> **Data for processing**
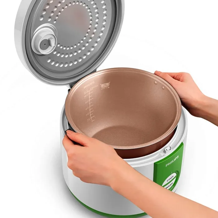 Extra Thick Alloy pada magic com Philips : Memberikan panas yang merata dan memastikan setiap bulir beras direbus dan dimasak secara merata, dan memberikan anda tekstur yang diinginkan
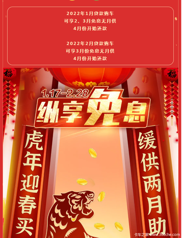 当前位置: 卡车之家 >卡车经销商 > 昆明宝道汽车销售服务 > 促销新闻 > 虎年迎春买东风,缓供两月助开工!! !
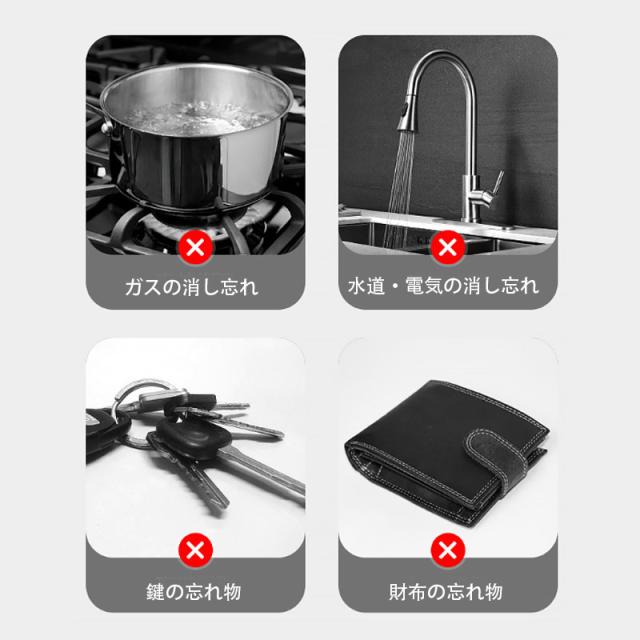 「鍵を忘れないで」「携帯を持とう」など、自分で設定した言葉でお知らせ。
---
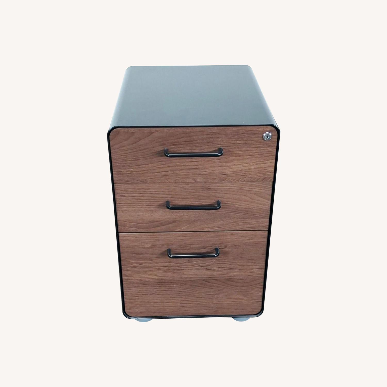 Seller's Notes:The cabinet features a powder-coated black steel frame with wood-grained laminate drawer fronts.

> **What this task involves**
Copy the lines above exactly, starting at the one with "Extra Thick Alloy" and ending at the one with "当前位置: 卡车之家 >卡车经销商", both included. Leave out any pictures and add nothing else.

> **Solution**
 Extra Thick Alloy pada magic com Philips : Memberikan panas yang merata dan memastikan setiap bulir beras direbus dan dimasak secara merata, dan memberikan anda tekstur yang diinginkan
 当前位置: 卡车之家 >卡车经销商 > 昆明宝道汽车销售服务 > 促销新闻 > 虎年迎春买东风,缓供两月助开工!! !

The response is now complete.